Integrated Molecular Docking, DFT, ADME Profiling, and Cardiotoxicity Prediction of Artocarpin, Cycloartocarpin, Artocarpanone and Cyanomaclurin as Potential Antimalarial Agents

The escalating resistance of Plasmodium falciparum to existing antimalarial treatments necessitates the identification of novel medicines with enhanced efficacy and safety.
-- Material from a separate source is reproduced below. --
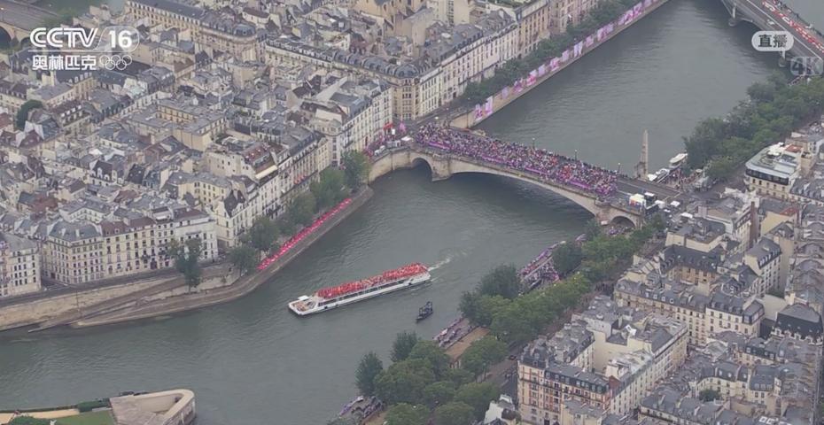 刚才,乒乓球运动员马龙、花样游泳运动员冯雨高擎五星红旗,中国体育代表团运动员在塞纳河巡游。

This study utilized a comprehensive in silico approach to assess the potential of four flavonoids from Artocarpus heterophyllus î.e. artocarpin, cycloartocarpin, artocarpanone, and cyanomaclurin as inhibitors of P. falciparum dihydrofolate reductase–thymidylate synthase (PfDHFR-TS). Molecular docking demonstrated that artocarpin and cycloartocarpin displayed enhanced binding affinities and advantageous interaction patterns compared to chloroquine. Density functional theory and molecular electrostatic potential investigations corroborated their increased electronic reactivity and binding compatibility. ADME profiling demonstrated satisfactory drug-likeness properties; however, cardiotoxicity prediction revealed artocarpin and cycloartocarpin as non-hERG blockers, unlike chloroquine. Despite the anticipated mild toxicity hazards, the comprehensive computational data underscore artocarpin and cycloartocarpin as prospective lead scaffolds for subsequent optimization. These findings provide a compelling justification for the experimental validation and rational design of safer antimalarial medicines derived from A. heterophyllus.